I was blind, and slept in darkness! Too intelligent for death! Consider the enemies you have made, drow! Consider that a king will find you

has found you!

That last thought came through with such ferocity and such terrible implications that it startled Jarlaxle from his Reverie. He glanced around frantic, as if expecting a dragon to swoop down upon him and melt his camp into the dirt with an explosion of fiery breath, or an illithid to materialize and blast him with psionic energy that would scramble his mind forever.

But the night was quiet under the moon’s pale glow.

Too quiet, Jarlaxle believed, like the hush of a predator. Where were the frogs, the night birds, the beetles?

Something shifted down to the west, catching Jarlaxle’s attention. He scanned the field, seeking the source—a rodent of some sort, likely.

But he saw nothing, just the uneven grasses dancing in the moonlight on the gentle night breeze.

Something moved again, and Jarlaxle swept his gaze across the abandoned stones littering the field, reached up and lifted his eye patch so he could more distinctly focus. Across the field stood a shadowy, huddled figure, bowing and waving its arms. It occurred to the drow that it was not a living man, but a wraith or a specter or a lich.

In the open ground between them, a flat stone shifted. Another, standing upright, tilted to a greater angle.

Jarlaxle took a step toward the ancient markers.

The moon disappeared behind a dark cloud and the darkness deepened. But Jarlaxle was a creature of the Underdark, blessed with eyes that could see in the most meager light. In the nearly lightless caverns far below the stone, a patch
of luminous lichen would glow to his eyes like a high-burning torch. Even in those moments when the moon hid, he saw that standing stone shift again, ever so slightly, as if something scrabbled at its base below the ground.
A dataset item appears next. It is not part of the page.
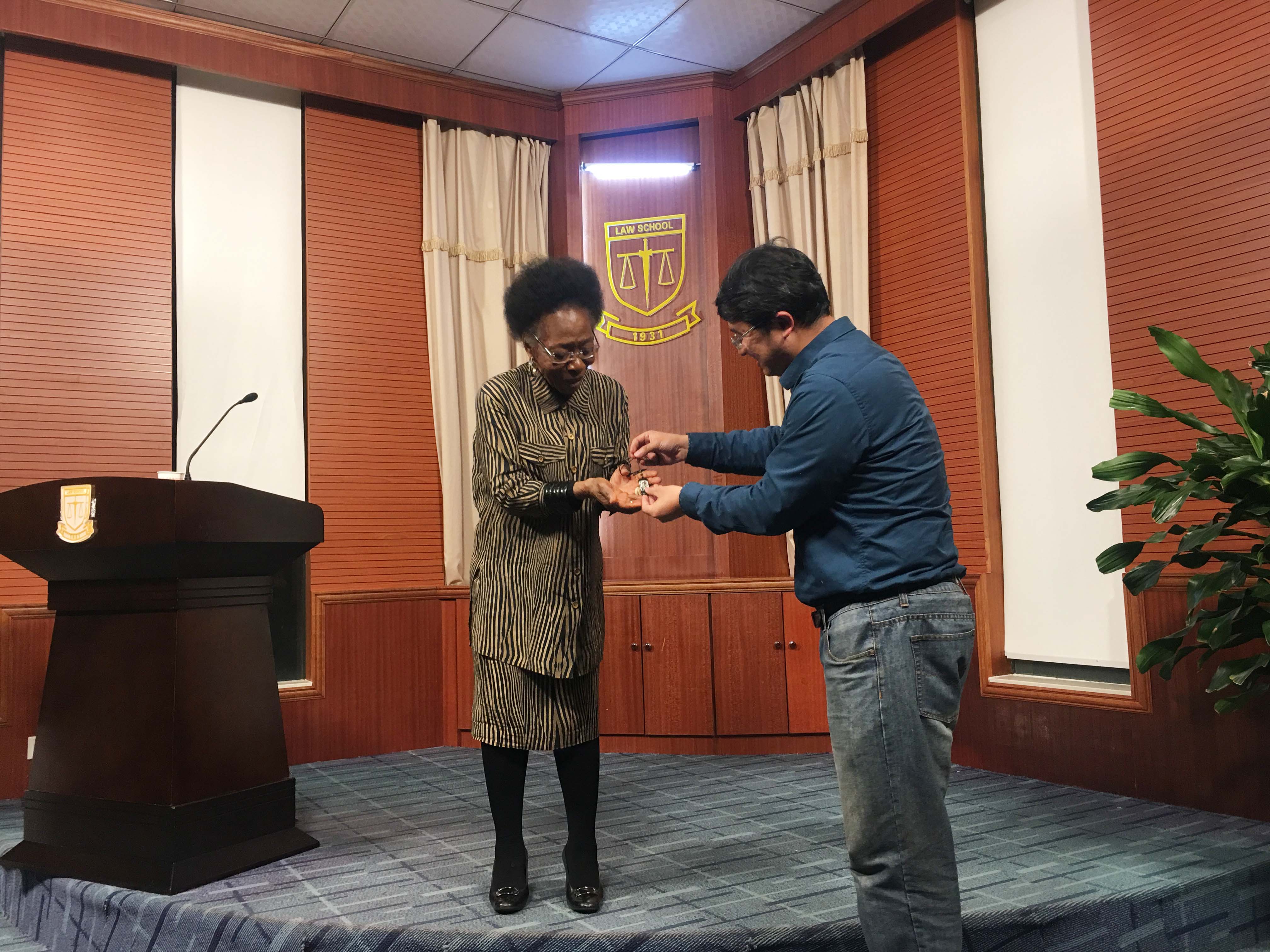 Okupa教授先以时间为线索向同学们讲述了人类的演变历程,并向大家介绍了一些同形异义词:单词拼写相同但具有不同的意思,如“bank of the River Nile”中的“bank”。接着Okupa教授介绍了非洲社会,引出非洲为何贫困、非洲版图划分与法律移植、非洲传统法律体系和传统刑事司法等一系列重要问题,并通过一部短片介绍了苏丹的婚姻法现状。
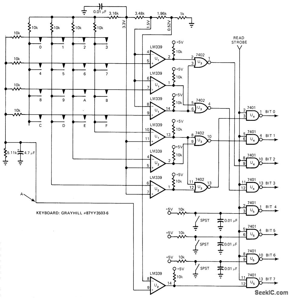 Circuit provides correct hexadecimal output for each key depressed, along with enable level that indicates when key has been pressed, and three switches for providing eight separate codes serving for program control. When no key is pressed, voltage at point A (lower left) and any horizontal keyboard row is 0 V and voltage on any vertical keyboard column is 5 V. When key is pressed, voltage at A becomes 1 V and voltage at selected row and column becomes 3 V. Comparator outputs for U1 and U2 are decoded with N0R gates and strobed onto data lines with open-collector NAND gates.-J. F. Czebiniak, Simple Hex Keyboard Provides Program Control, EDN Magazine, Jan. 5, 1978, p 27-28.

“A graveyard …” he whispered, finally recognizing the flat stones as markers and understanding Athrogate’s earlier assessment. As he spoke, the moon came clear, brightening the field. Something churned in the dirt beside the shifting stone.

A hand—a skeletal hand.

A greenish blue crackle of strange ground lightning blasted tracers across the field. In that light, Jarlaxle saw many more stones shifting, the ground churning.

I have found you, drow!
the beast whispered in Jarlaxle’s thoughts. “Athrogate,” Jarlaxle called softly. “Awaken, good dwarf.” The dwarf snored, coughed, belched, and rolled to his side, his back to the drow.

Jarlaxle slipped a hand crossbow from the holster on his belt, expertly drawing back the string with his thumb as he moved. He focused on a particular type of bolt, blunted and heavy, and the magical pouch beside the holster dispensed it into his hand as he reached for it.